EXERCISE
Exact copies of the lines from the one holding "The Caesar Men’s" through the last line of the entries below are to be printed, with pictures omitted.

Data excerpts
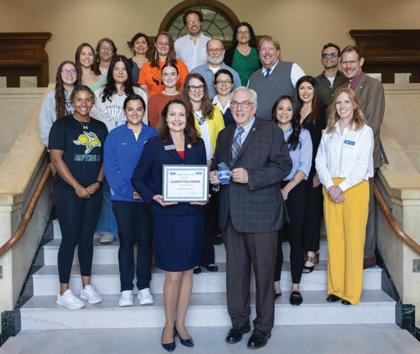 BROOKINGS — South Dakota State University received the Gladys Pyle Award for efforts in young voter registration from South Dakota Secretary of State Monae Johnson on Sept. 30.
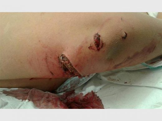 MAULED: One of Luke’s gruesome wounds.
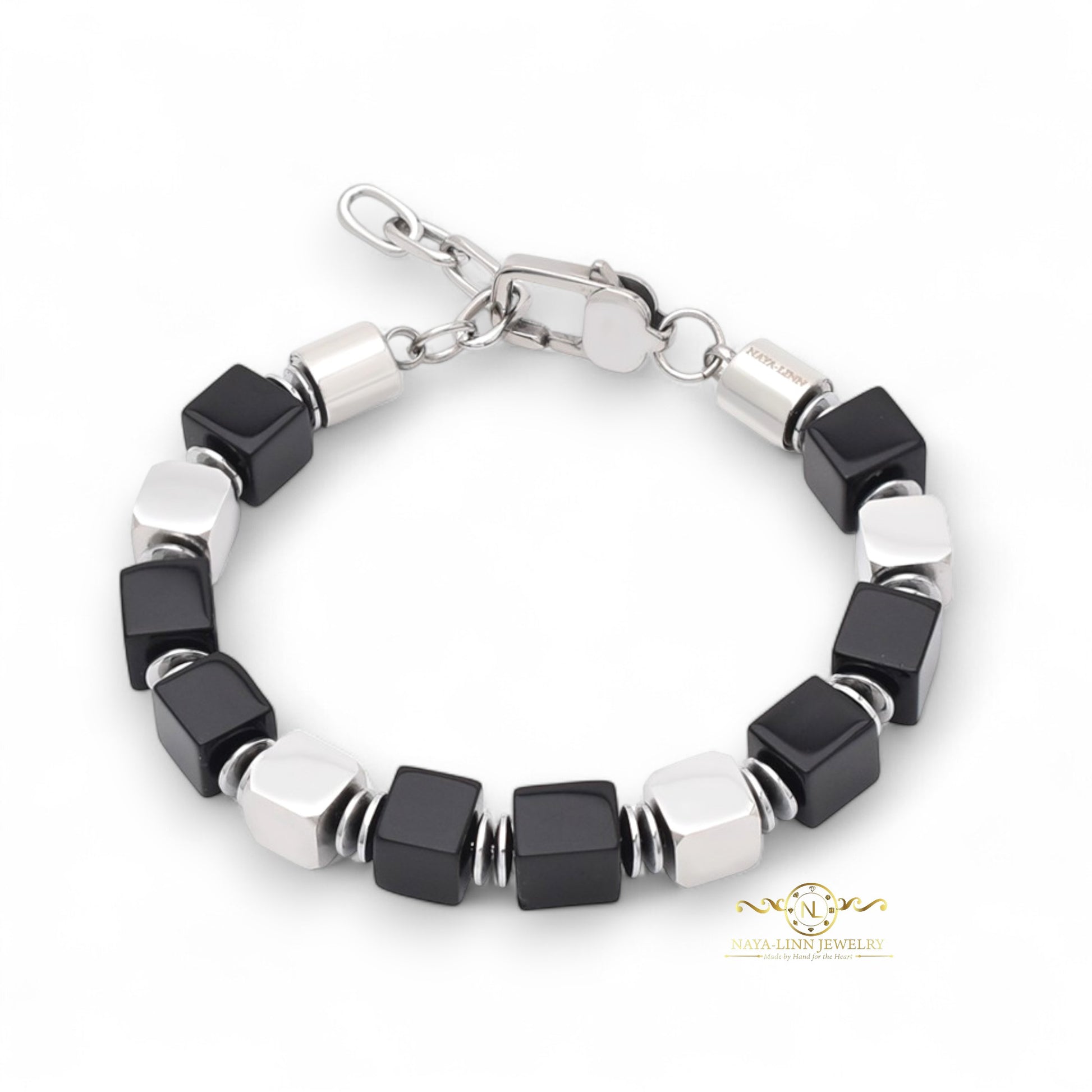 The Caesar Men’s Bracelet is a refined, 8x8mm square-cut natural stone bracelet crafted to elevate any occasion. Available in Tiger’s Eye or Black Agate gemstones, it’s accented with either 18k triple gold plated polished stainless steel or plain stainless steel for a versatile, luxurious finish. A secure lobster clasp and extension chain ensure a comfortable fit.
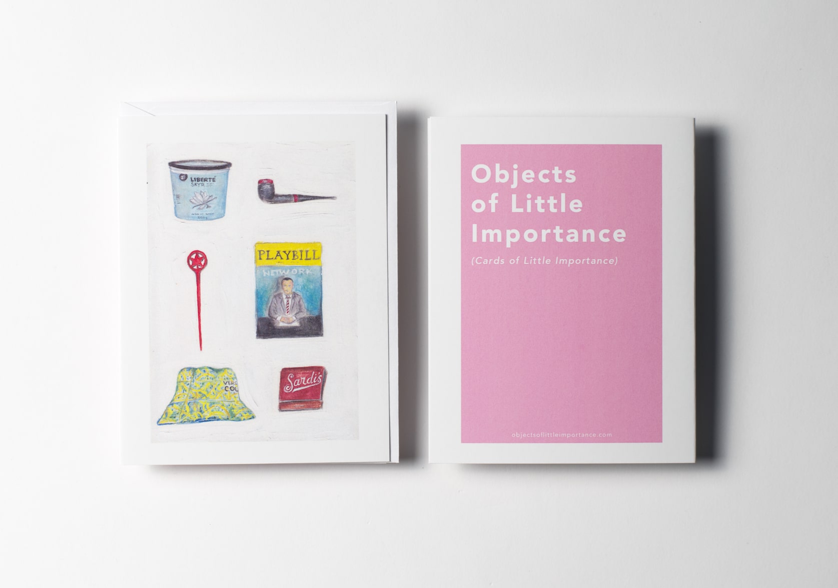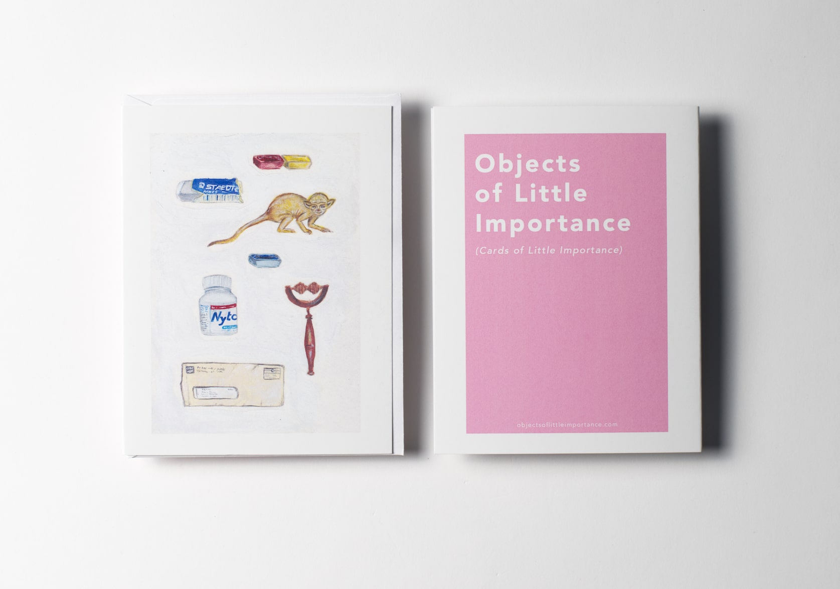 This greeting card features six random objects chosen by D. Briker, the artist who painted the artworks in the Objects of Little Importance series. He chose these objects from the home or studio space of fellow artists and creative people in the Vancouver area such as Zak David. From the description by Zak David, these objects of little importance are:
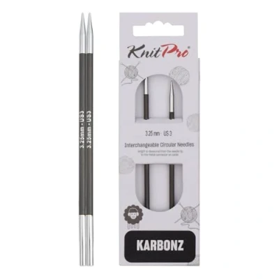 KnitPro 3.25 mm Karbonz Interchangeable Normal Circular Needles, Black and Silver
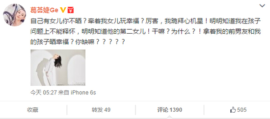 自己有女儿你不晒?牵着我女儿玩幸福?厉害,我跪拜心机星!明明知道我在孩子问题上不能释怀,明明知道他的第二女儿!干嘛?为什么?!拿着我的前男友和我的孩子晒幸福?你缺嘛?????
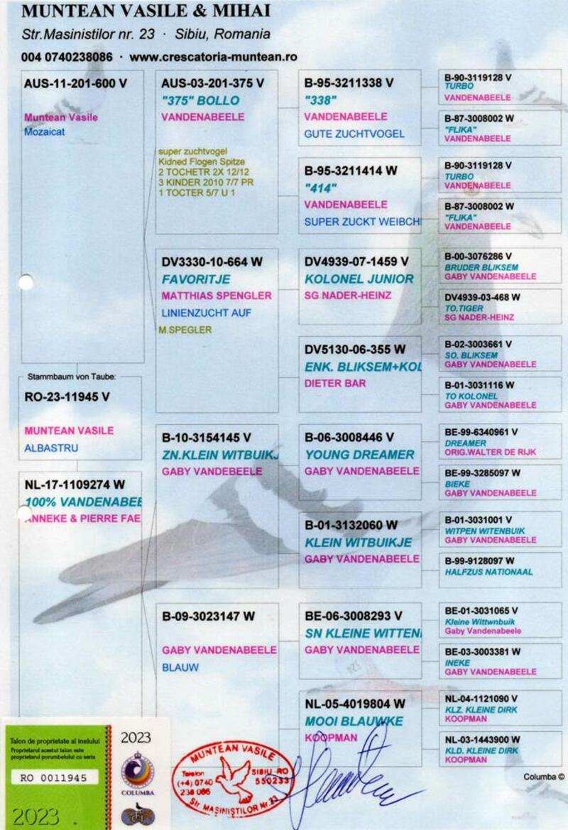 Având o abordare completă și reușind să concureze cu succes în cursele de la 100 la 1000 km, Vasile Muntean rămâne o figură de referință în istoria columbofiliei, datorită performanțelor sale remarcabile în cadrul celor mai importante concursuri de lungă distanță organizate în provincia Transilvania. Cei câțiva zeci de ani de experiență acumulată în columbofilie, împreună cu abilitățile sale de columbicultor și, în special, cu un bagaj genetic de excepție, au generat numeroase aprecieri pozitive din partea crescătorilor din întreaga țară și dincolo de granițele acesteia.
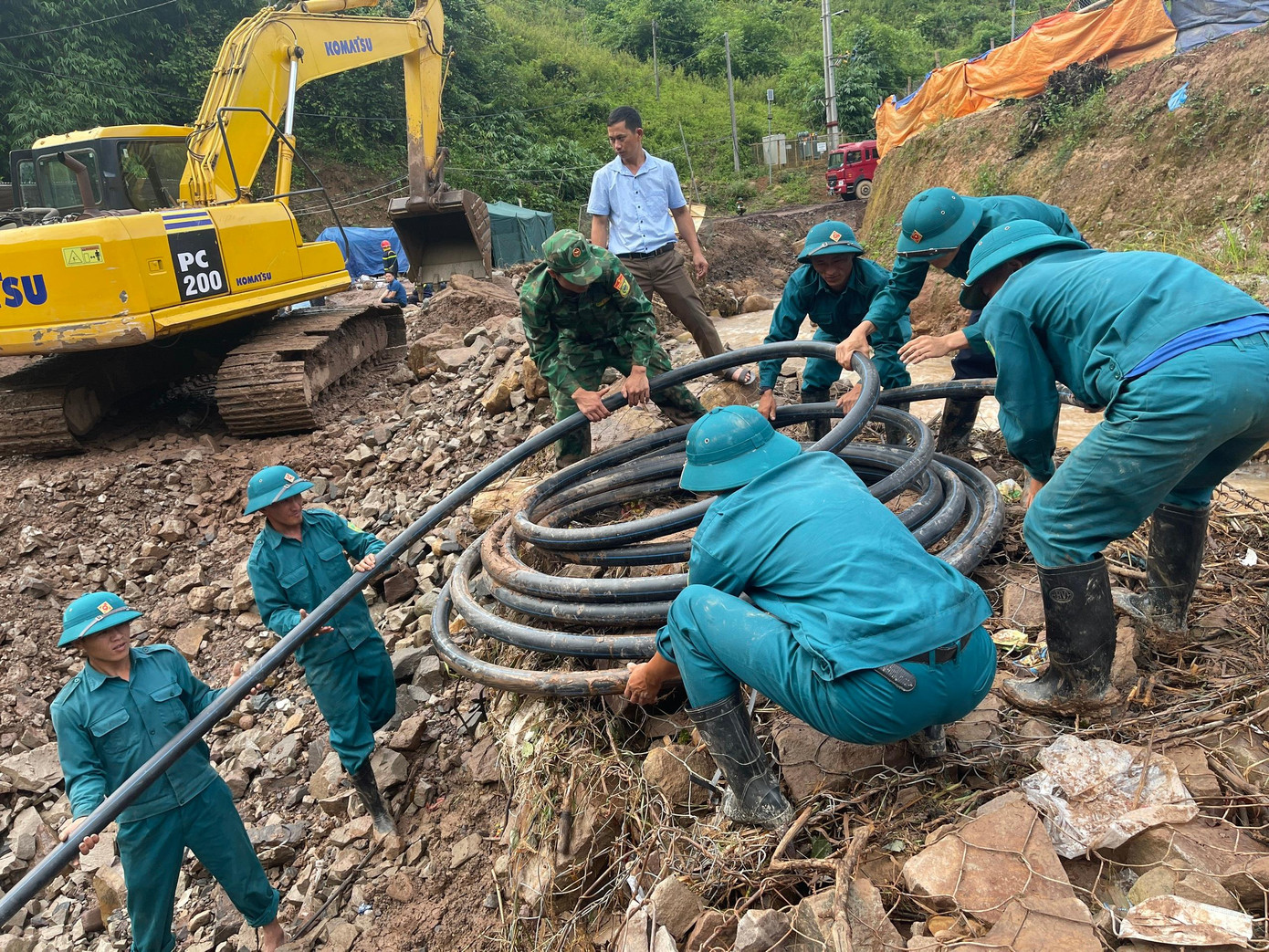 Hiện đang huy động thêm 2 máy chuyên dụng, công suất cao đang di chuyển từ thành phố Điện Biên Phủ vào, dự kiến khoảng 20h có mặt tại hiện trường.
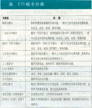 。。一般情況下,語(yǔ)音卡都是按功能來命名和劃分種類的。右表列出了按功能劃分的各種類型的CTI板卡。
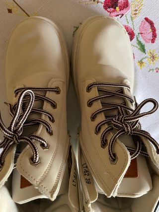 Botas de cano alto da Guess em branco e castanho. - Fecho lateral com fecho de correr. - Cadarços com padrão. - Detalhe de etiqueta em pele.
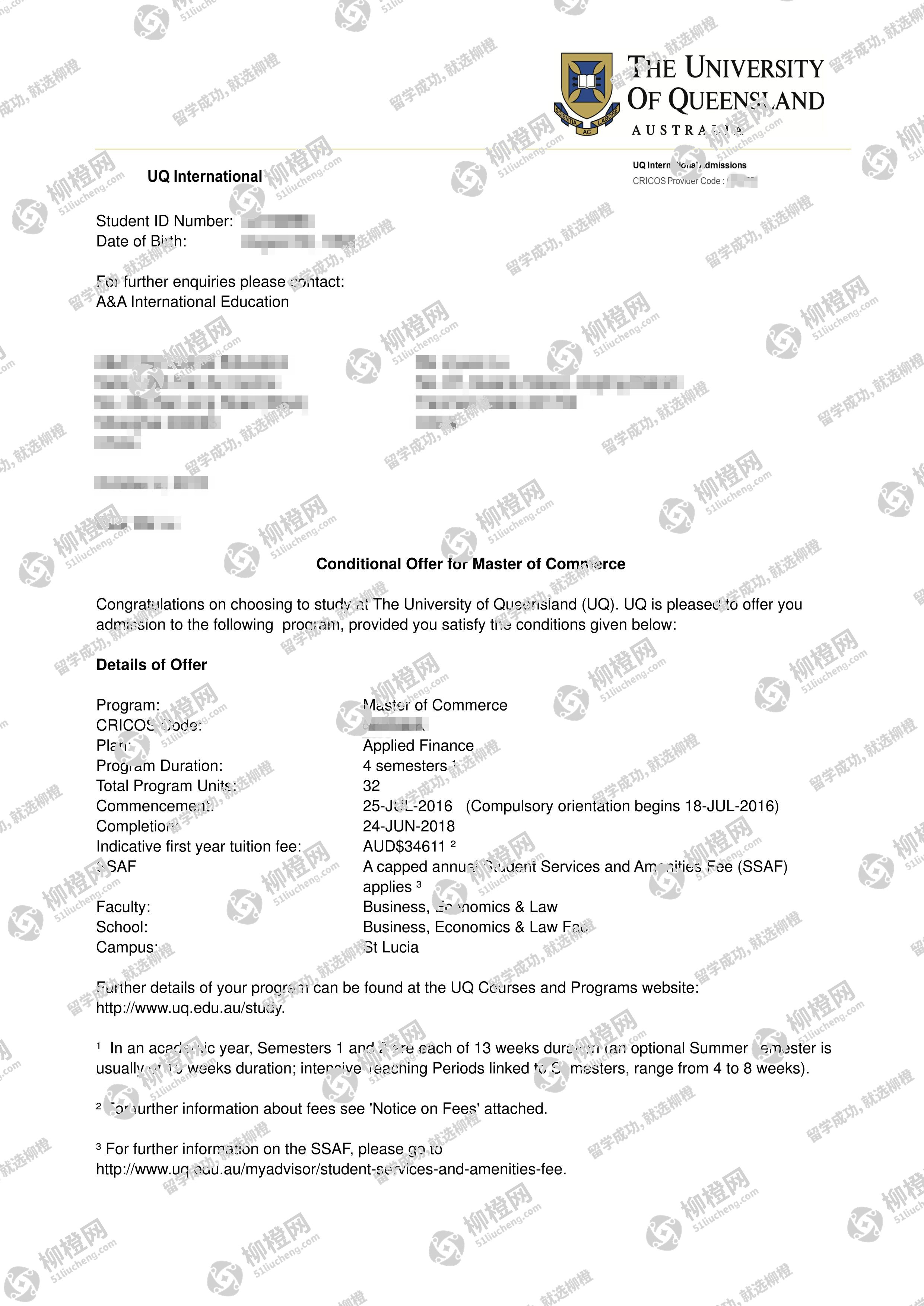 北京石油化工学院国际经济与贸易专业的卢同学,在柳橙网的帮助下获昆士兰大学offer。

RESPONSE AREA
 The Caesar Men’s Bracelet is a refined, 8x8mm square-cut natural stone bracelet crafted to elevate any occasion. Available in Tiger’s Eye or Black Agate gemstones, it’s accented with either 18k triple gold plated polished stainless steel or plain stainless steel for a versatile, luxurious finish. A secure lobster clasp and extension chain ensure a comfortable fit.
 This greeting card features six random objects chosen by D. Briker, the artist who painted the artworks in the Objects of Little Importance series. He chose these objects from the home or studio space of fellow artists and creative people in the Vancouver area such as Zak David. From the description by Zak David, these objects of little importance are:
 KnitPro 3.25 mm Karbonz Interchangeable Normal Circular Needles, Black and Silver
 自己有女儿你不晒?牵着我女儿玩幸福?厉害,我跪拜心机星!明明知道我在孩子问题上不能释怀,明明知道他的第二女儿!干嘛?为什么?!拿着我的前男友和我的孩子晒幸福?你缺嘛?????
 Având o abordare completă și reușind să concureze cu succes în cursele de la 100 la 1000 km, Vasile Muntean rămâne o figură de referință în istoria columbofiliei, datorită performanțelor sale remarcabile în cadrul celor mai importante concursuri de lungă distanță organizate în provincia Transilvania. Cei câțiva zeci de ani de experiență acumulată în columbofilie, împreună cu abilitățile sale de columbicultor și, în special, cu un bagaj genetic de excepție, au generat numeroase aprecieri pozitive din partea crescătorilor din întreaga țară și dincolo de granițele acesteia.
 Hiện đang huy động thêm 2 máy chuyên dụng, công suất cao đang di chuyển từ thành phố Điện Biên Phủ vào, dự kiến khoảng 20h có mặt tại hiện trường.
 。。一般情況下,語(yǔ)音卡都是按功能來命名和劃分種類的。右表列出了按功能劃分的各種類型的CTI板卡。
 Botas de cano alto da Guess em branco e castanho. - Fecho lateral com fecho de correr. - Cadarços com padrão. - Detalhe de etiqueta em pele.
 北京石油化工学院国际经济与贸易专业的卢同学,在柳橙网的帮助下获昆士兰大学offer。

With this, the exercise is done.